Lmao!! Enjoy man, its a great hack. The video itself is just a black screen with Kaze explaining why but patch is available in the description for anyone else looking. 

Or check out @Computer_Freak_2004 's post above..... or if people are lazy click the below link 

https://gbatemp.net/threads/super-m...just-been-released.551959/page-2#post-8870522


----------



## SuperDan (Nov 12, 2020)

Lostbhoy said:


> Lmao!! Enjoy man, its a great hack.
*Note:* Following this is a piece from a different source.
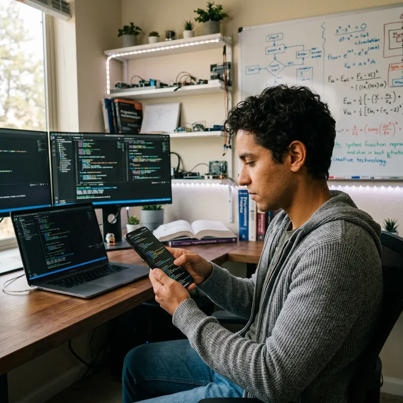 A person, of unspecified gender and descent, is in the process of coding with a generic touch screen smartphone that is top-of-the-line and highly modern. The environment is filled with creativity and technology, perhaps including computer screens, diagrams, and complex lines of code.
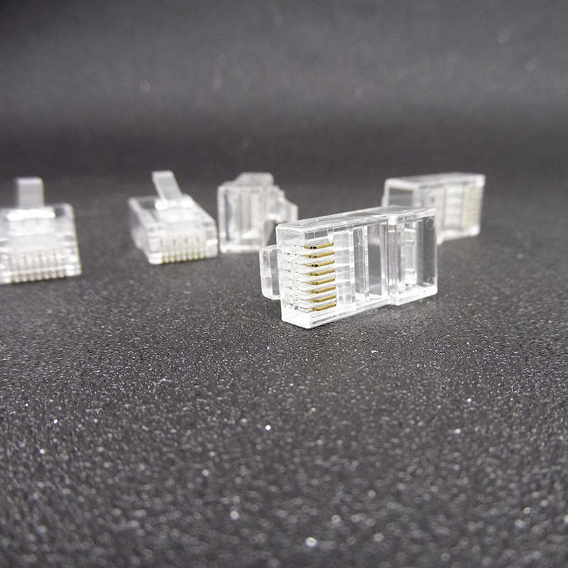 Super-six-type crystal head non-shielding RJ45 gold plated eight-core Internet wire crystal head computer integrated wiring connection head

The video itself is just a black screen with Kaze explaining why but patch is available in the description for anyone else looking.
> 
> Or check out @Computer_Freak_2004 's post above..... or if people are lazy click the below link
> 
> https://gbatemp.net/threads/super-m...just-been-released.551959/page-2#post-8870522



Been playing for a bit & i must say it a ruddy amazing game already im  going to sink some time into this rom hack the new moves was a pretty cleaver idea & the levels kind of remind me of Mario 3D Land a bit ..all in all such a impressive job must have taken ages .. im going have a dig around for more kaze mario hacks i had the last one he did but i didnt run well Mario 64 Last Impact .. was a while back too must had been a ton of updates since then ...


----------



## Tweaker_Modding (Nov 12, 2020)

nintendo took the video down


----------